Today I was reminded again of the role a counselor can play on a church staff. If you have ever worked at an urban church, or any larger church as well, you probably know that Sundays are an all-hands-on-deck kind of day. Anything can happen at any time. You just never know. And in Lynn, Massachusetts, you really just never know what a Sunday will bring.
We had a missionary sharing a testimony about a young girl with a troubled past. As she shared, a women in our congregation was both moved and triggered into what appeared to be a somewhat dissociative state. She began wailing loudly and shouting, “That’s my story! That’s my story!” But it was not entirely coherent and it was unclear what was going on. The usher team went to her but were unable to coax her from the room. My husband tapped me and I went to her seat. I looked at her and used body language to show her I was listening. I heard her say again, “That’s my story!” so I told her that I wanted to hear her story, but we would need to go into the lobby for her to tell it to me. She gladly came with me and we helped support her weight to walk out the door as she was so hysterically crying. We ended up outside and someone brought her a cup of water. I sat with her and listened to what she could tell me between gasping for breaths. She had been abandoned as a child and was never able to forgive her mother, but today after hearing the testimony of a young girl she said she was set free and she could finally forgive.
In the meantime, the disruption triggered a few other people with mental health issues. One man came to us outside and said, “Are you okay? Are you okay? Are you okay?” and had difficulty responding to our reassurances that she was okay and being taken care of. He too needed reassurance and to know his concerns were heard. He told us that he had just gotten out of the psychiatric hospital, where the patients look out for each other. We moved him from the situation and told him we were glad he was there. At the same time, another man nearby started talking loudly and repeatedly about how he won at bingo last night. His perseverating continued until I could pull away from the woman (now being listened to by the missionary who had been speaking earlier), and I went to the man to hear his story of bingo victory. I congratulated him on his $25 prize and thanked him for telling me about it.
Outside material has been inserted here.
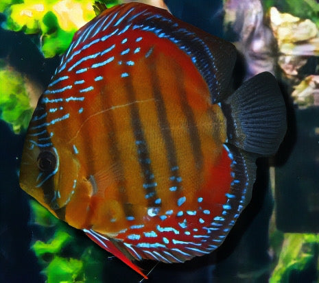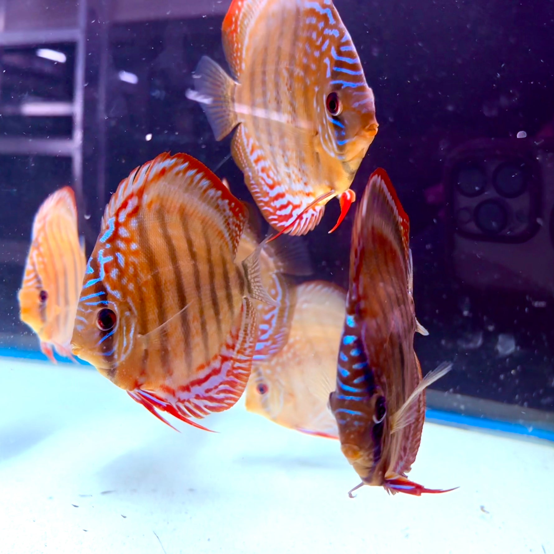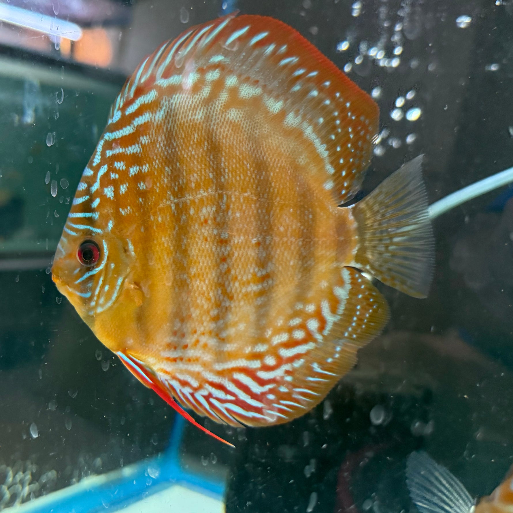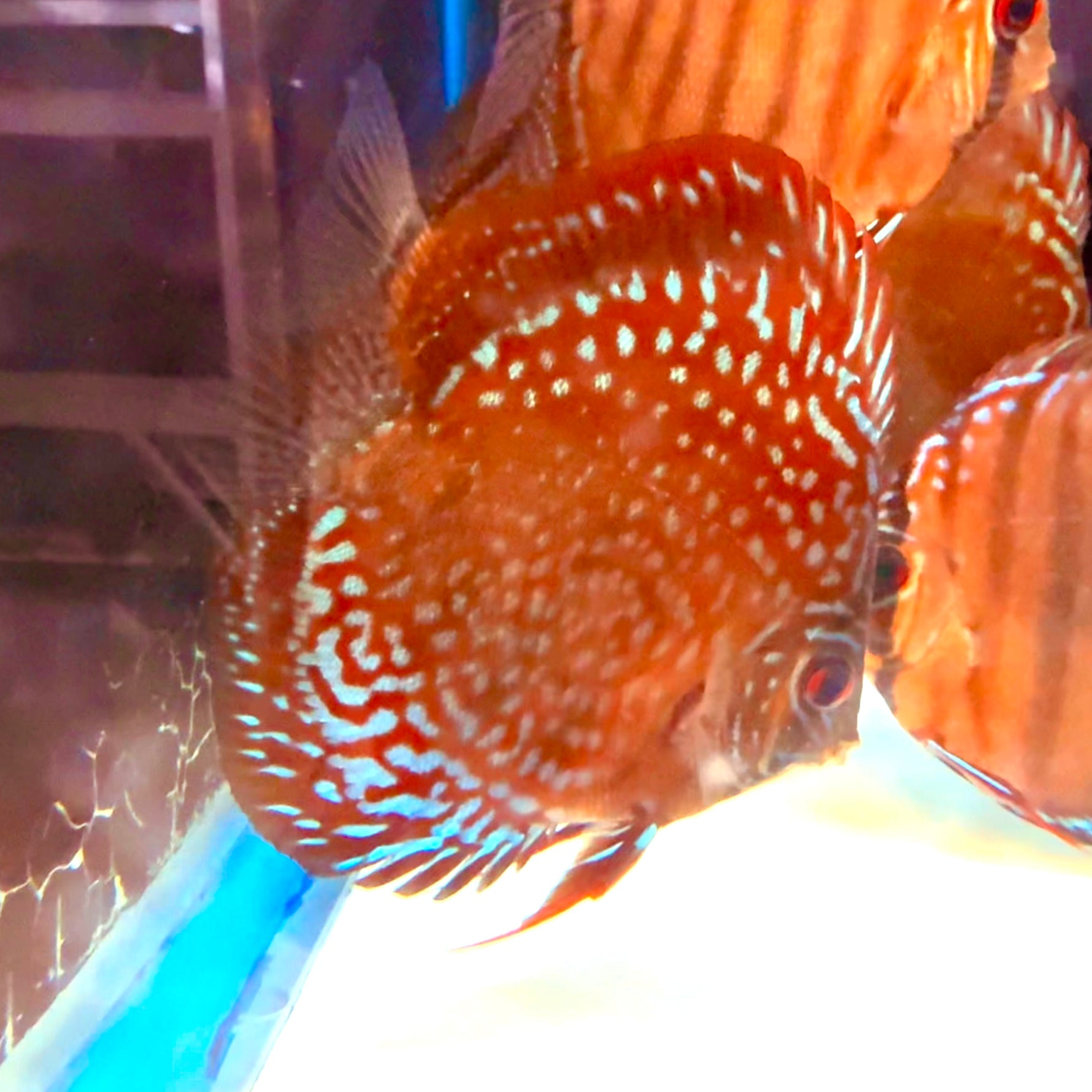Precio unitario / porRed batata and jacarecappa is a beautiful strain and has a wild look. Texas Aqua is offering F3 Red batata and jacarecappa. We do not use RO water on any fish. Just declorinate city Tap water. if you Remember the serene feeling of crisp winter evenings as you gazed dreamily into a dancing campfire and roasted marshmallows on a charred stick? Now you can bring that glowing campfire indoors all year long. This discus combines the warmth of the blazing flames with the brilliant radiance of drifting snowflakes and snow-covered branches to provide you with year-round peaceful campfire moments.

It struck me that in all of these situations, the key to de-escalation was listening and joining with the person in his/her version of reality in that moment. Everyone just wants to be heard and believed. Everyone wants someone to be glad they are there. Everyone wants to be treated like a person. Afterwards, I debriefed with our usher team who had done a great job calmly and respectfully helping serve each person, and I shared with them some of the de-escalation strategies I had used. Church Therapy is about so much more than the four walls of my office. It is about understanding mental illness and using informed practices to handle every person with dignity and care. Church Therapy creates a church culture that does not bat an eye when someone exhibits symptoms of mental illness in a more visible way. We are simply ready to respond and provide care in any way needed. Because of this, everyone feels welcome and safe.